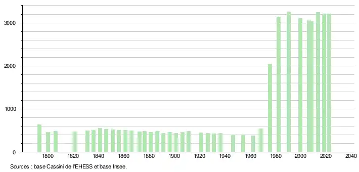 L'évolution du nombre d'habitants est connue à travers les recensements de la population effectués dans la commune depuis 1793. Pour les communes de moins de 10 000 habitants, une enquête de recensement portant sur toute la population est réalisée tous les cinq ans, les populations de référence des années intermédiaires étant quant à elles estimées par interpolation ou extrapolation[27]. Pour la commune, le premier recensement exhaustif entrant dans le cadre du nouveau dispositif a été réalisé en 2008[28].
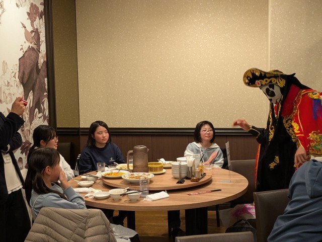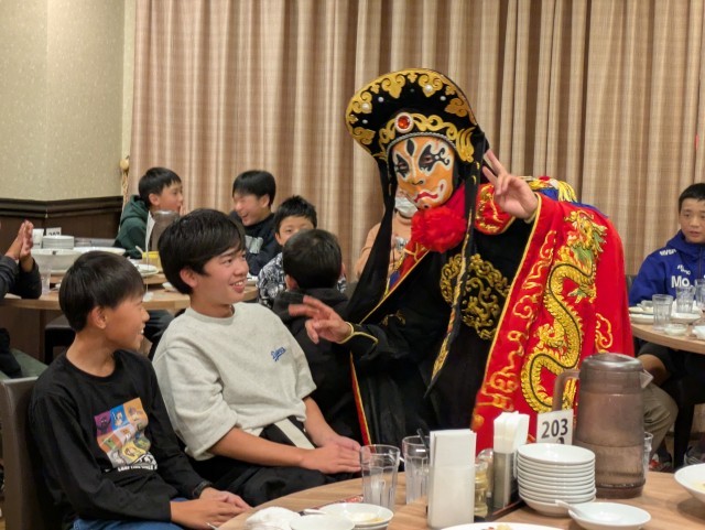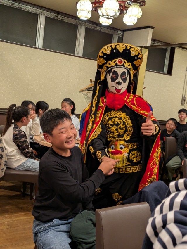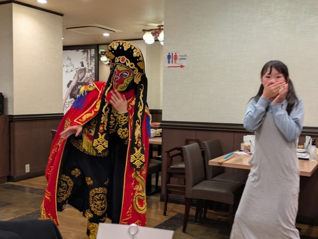 食事後にサプライズで変面ショー!みんなとてもとても笑顔いっぱい!大喜び&見事な変身芸に驚き!とても楽しい思い出がまた一つ増えました!
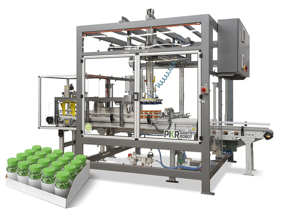 - It has a gantry robot that picks up the bottles from the conveyor belt and places them into the trays according to the predefined pattern.
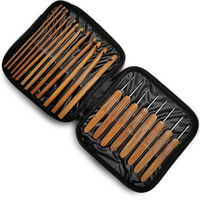 20 قطعة من إبر الكروشيه المصنوعة من الخيزران المحبوك مع علبة
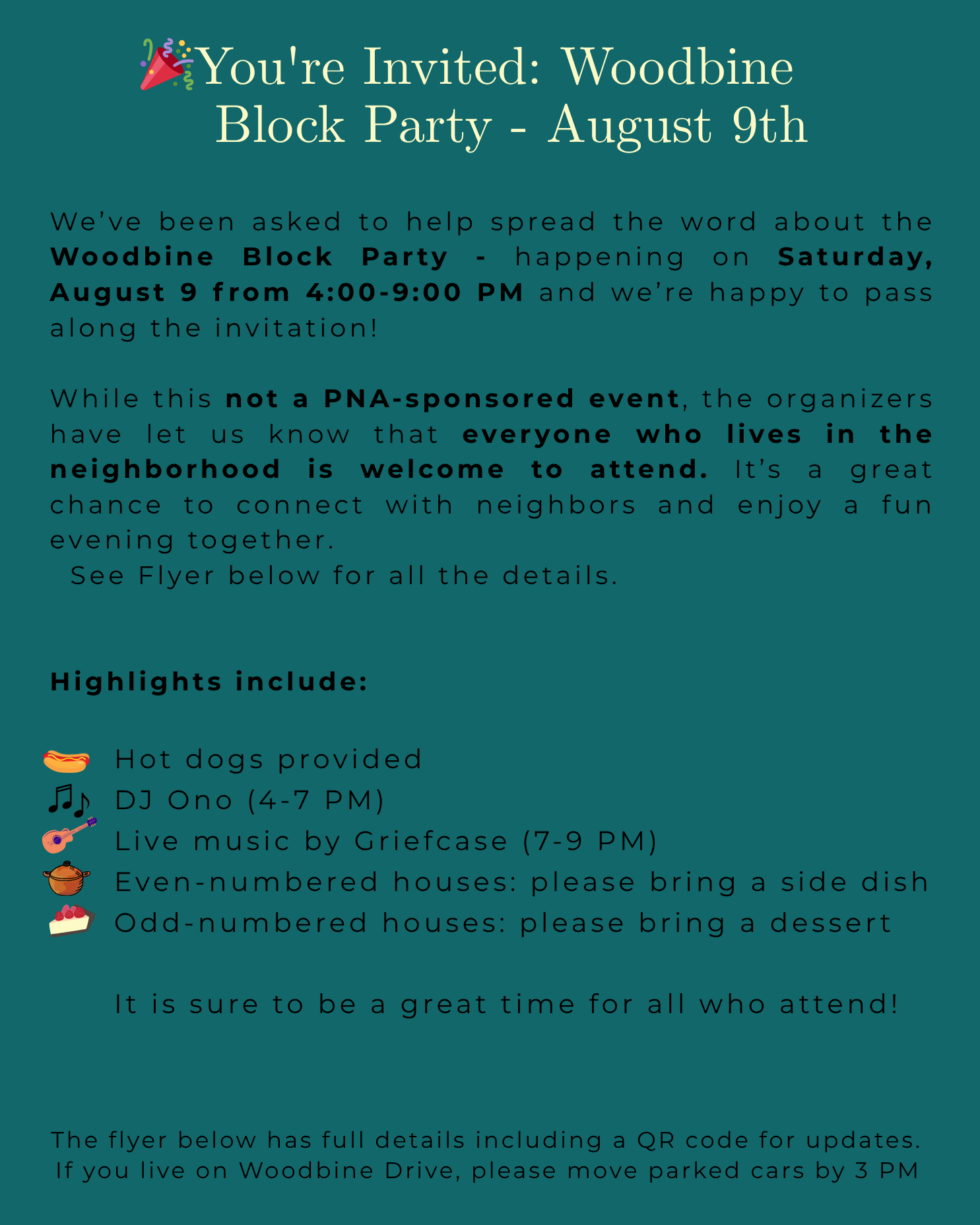 🎉You’re Invited: Woodbine Block Party – Saturday, August 9th! Posted on July 20, 2025 by katydidnent Share this: Click to email a link to a friend (Opens in new window) Email Click to print (Opens in new window) Print Click to share on Facebook (Opens in new window) Facebook Click to share on Pinterest (Opens in new window) Pinterest Click to share on X (Opens in new window) X More Click to share on LinkedIn (Opens in new window) LinkedIn Click to share on Tumblr (Opens in new window) Tumblr Click to share on Reddit (Opens in new window) Reddit Like Loading... Related
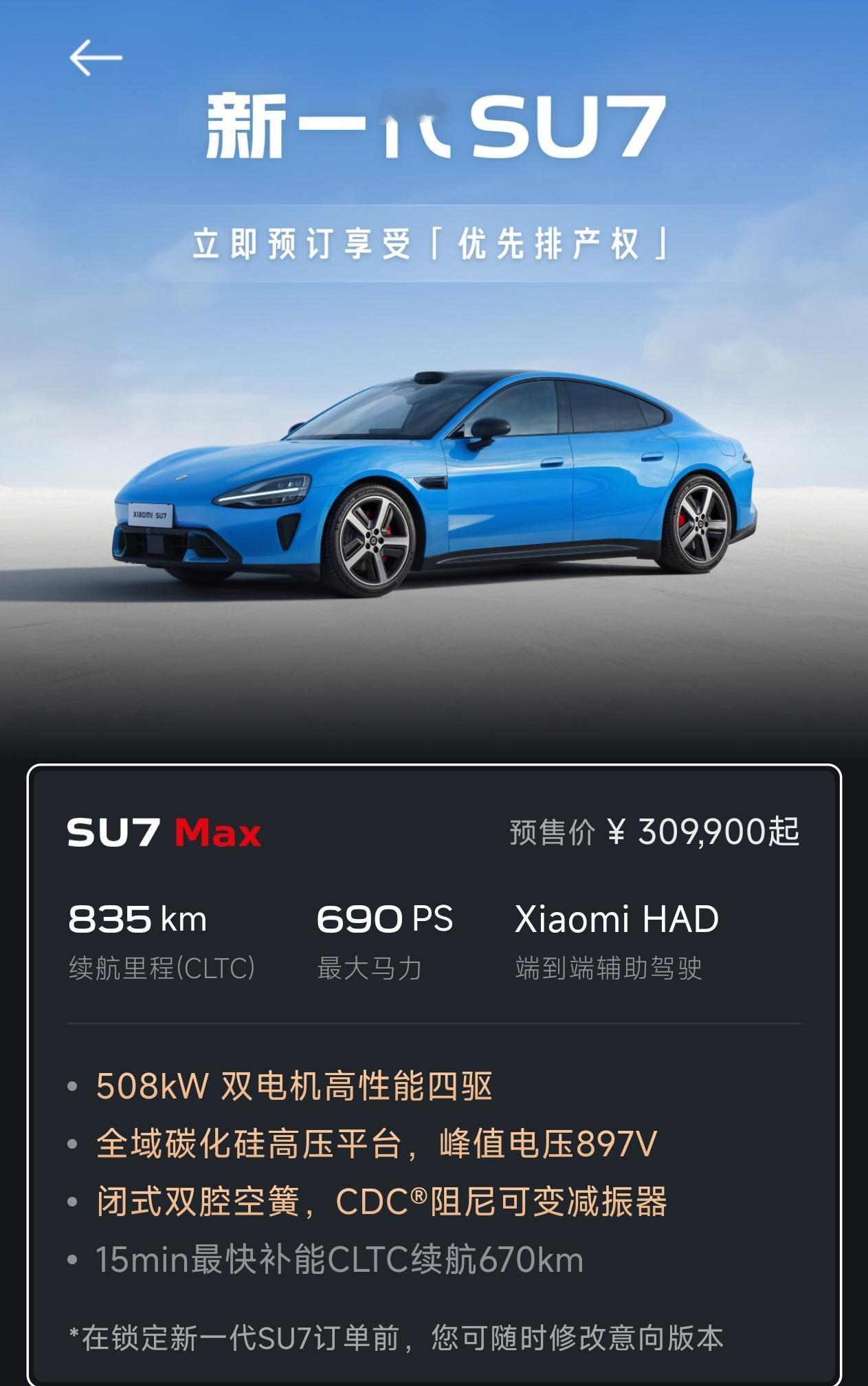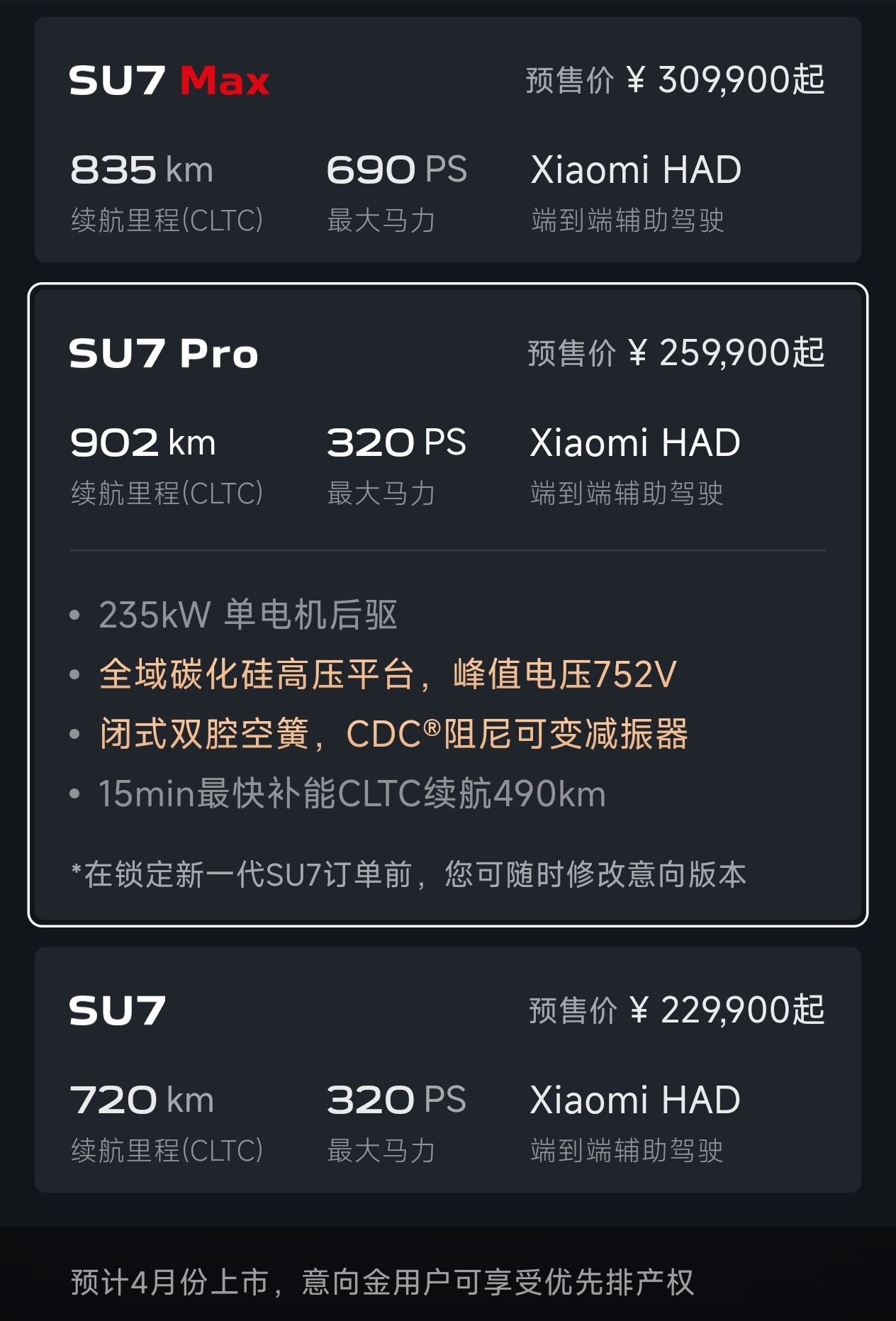 新一代SU7价格四月份才上市现在就开始预售了,小米新SU7预售价22.99万起,全系标配了激光雷达和升级大电池,Pro版本能有九百多公里的续航,等正式上市价格再一降,又又又要真香了

● ● ● ●

▸ **ASSIGNED TASK**:
Without including the pictures, return each record above exactly as it stands.

▸ **SOLUTION**:
 L'évolution du nombre d'habitants est connue à travers les recensements de la population effectués dans la commune depuis 1793. Pour les communes de moins de 10 000 habitants, une enquête de recensement portant sur toute la population est réalisée tous les cinq ans, les populations de référence des années intermédiaires étant quant à elles estimées par interpolation ou extrapolation[27]. Pour la commune, le premier recensement exhaustif entrant dans le cadre du nouveau dispositif a été réalisé en 2008[28].
 食事後にサプライズで変面ショー!みんなとてもとても笑顔いっぱい!大喜び&見事な変身芸に驚き!とても楽しい思い出がまた一つ増えました!
 - It has a gantry robot that picks up the bottles from the conveyor belt and places them into the trays according to the predefined pattern.
 20 قطعة من إبر الكروشيه المصنوعة من الخيزران المحبوك مع علبة
 🎉You’re Invited: Woodbine Block Party – Saturday, August 9th! Posted on July 20, 2025 by katydidnent Share this: Click to email a link to a friend (Opens in new window) Email Click to print (Opens in new window) Print Click to share on Facebook (Opens in new window) Facebook Click to share on Pinterest (Opens in new window) Pinterest Click to share on X (Opens in new window) X More Click to share on LinkedIn (Opens in new window) LinkedIn Click to share on Tumblr (Opens in new window) Tumblr Click to share on Reddit (Opens in new window) Reddit Like Loading... Related
 新一代SU7价格四月份才上市现在就开始预售了,小米新SU7预售价22.99万起,全系标配了激光雷达和升级大电池,Pro版本能有九百多公里的续航,等正式上市价格再一降,又又又要真香了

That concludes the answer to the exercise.